* _How to complete this task_: Your task is to show every line in the listing below that includes "features".

* _Supplied data_:
________________

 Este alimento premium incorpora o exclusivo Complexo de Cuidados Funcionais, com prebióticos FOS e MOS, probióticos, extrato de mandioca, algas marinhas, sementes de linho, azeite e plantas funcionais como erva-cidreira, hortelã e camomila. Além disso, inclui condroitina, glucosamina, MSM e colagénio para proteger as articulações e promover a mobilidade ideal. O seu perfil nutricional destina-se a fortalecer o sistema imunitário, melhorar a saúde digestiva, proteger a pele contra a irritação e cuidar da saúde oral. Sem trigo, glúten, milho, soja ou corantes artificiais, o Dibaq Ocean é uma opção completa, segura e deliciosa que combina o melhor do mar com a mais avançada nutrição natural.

________________

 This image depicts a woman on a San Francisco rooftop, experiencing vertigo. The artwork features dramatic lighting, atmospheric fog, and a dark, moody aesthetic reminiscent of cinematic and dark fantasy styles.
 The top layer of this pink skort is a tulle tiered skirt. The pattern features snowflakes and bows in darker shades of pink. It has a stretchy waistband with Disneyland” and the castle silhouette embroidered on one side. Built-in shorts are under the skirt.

________________

* _Output_:
 This image depicts a woman on a San Francisco rooftop, experiencing vertigo. The artwork features dramatic lighting, atmospheric fog, and a dark, moody aesthetic reminiscent of cinematic and dark fantasy styles.
 The top layer of this pink skort is a tulle tiered skirt. The pattern features snowflakes and bows in darker shades of pink. It has a stretchy waistband with Disneyland” and the castle silhouette embroidered on one side. Built-in shorts are under the skirt.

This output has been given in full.